Begin at the line containing "Complete your look" in the data below and go on through the line containing "- Creación de", repeating each line exactly; include both ends and no other line.
━━━━━ Working data ━━━━━
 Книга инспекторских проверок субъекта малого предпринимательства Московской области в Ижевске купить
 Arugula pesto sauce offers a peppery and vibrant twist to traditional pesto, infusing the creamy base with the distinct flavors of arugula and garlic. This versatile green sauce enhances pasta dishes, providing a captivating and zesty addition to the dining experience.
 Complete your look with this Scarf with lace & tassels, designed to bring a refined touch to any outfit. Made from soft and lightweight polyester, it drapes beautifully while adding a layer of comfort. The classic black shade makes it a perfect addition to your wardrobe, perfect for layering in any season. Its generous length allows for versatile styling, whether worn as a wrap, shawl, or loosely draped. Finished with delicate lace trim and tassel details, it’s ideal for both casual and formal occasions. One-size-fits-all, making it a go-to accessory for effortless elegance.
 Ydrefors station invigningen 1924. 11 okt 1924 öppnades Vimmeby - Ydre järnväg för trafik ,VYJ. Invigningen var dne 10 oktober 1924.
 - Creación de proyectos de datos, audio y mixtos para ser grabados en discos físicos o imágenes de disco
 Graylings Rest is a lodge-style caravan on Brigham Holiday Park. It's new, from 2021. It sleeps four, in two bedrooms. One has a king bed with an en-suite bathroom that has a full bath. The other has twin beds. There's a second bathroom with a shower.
━━━━━
> **Task solution**:
 Complete your look with this Scarf with lace & tassels, designed to bring a refined touch to any outfit. Made from soft and lightweight polyester, it drapes beautifully while adding a layer of comfort. The classic black shade makes it a perfect addition to your wardrobe, perfect for layering in any season. Its generous length allows for versatile styling, whether worn as a wrap, shawl, or loosely draped. Finished with delicate lace trim and tassel details, it’s ideal for both casual and formal occasions. One-size-fits-all, making it a go-to accessory for effortless elegance.
 Ydrefors station invigningen 1924. 11 okt 1924 öppnades Vimmeby - Ydre järnväg för trafik ,VYJ. Invigningen var dne 10 oktober 1924.
 - Creación de proyectos de datos, audio y mixtos para ser grabados en discos físicos o imágenes de disco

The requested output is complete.